Custodia Gets Rejected

On January 27, the Federal Reserve System rejected Custodia Bank’s application to join. Later that day, the Kansas City Fed rejected Custodia’s request for a master account.

A master account provides direct access to the Fed’s wholesale payment network, eliminating the need for a bank to serve as a middleman.

Speaking to Pompliano, Long said before the rejections, Custodia was told to withdraw its applications or they would be “voted down.” Likewise, according to Long, the quick succession of the two rejections is proof of coordination.

Furthermore, since then, she pointed out the crypto industry has had a “blanketing” of enforcement actions — making it clear that There is a true Operation Chokepoint 2.0.

“We’ve seen it with actions against Paxos, actions against stablecoin issuers, actions against Kraken between the IRS and SEC, and the majority of cryptocurrency exchanges received Wells Notices in early February.

Regulators Can’t Stop Bitcoin

Responding to Bitcoin “fixing this,” Long claimed that despite the harm already done, recent increases in the price of BTC show that the government is powerless to stop it.

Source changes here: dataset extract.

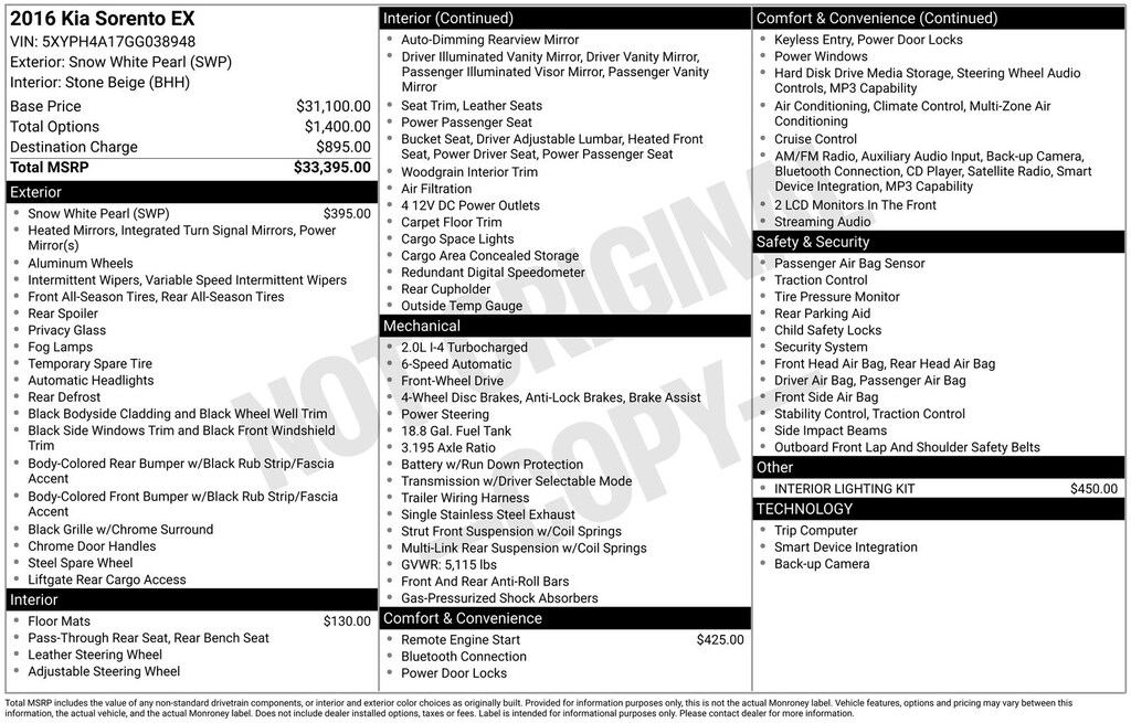With a clean CARFAX history and a list price of just $8,995, this 2016 Kia Sorento EX represents an exceptional value in the pre-owned SUV market. Don't miss the opportunity to make this impressive vehicle your own. Schedule a test drive today and experience the difference for yourself.

According to her, regulators and those promoting an anti-crypto agenda are refusing to acknowledge that they will lose control of this. Instead of embracing change, they try to keep people stuck “on old technology.”

Fiat and cryptocurrency will coexist, but by requiring the U.S. crypto firms overseas, regulators are storing up problems for themselves in the long term, Long said.

“The sad part is that by moving everything offshore, they will be playing Whack-a-Mole and, quite frankly, they will be exposed to risks they were unaware of, most likely through correspondent banks.”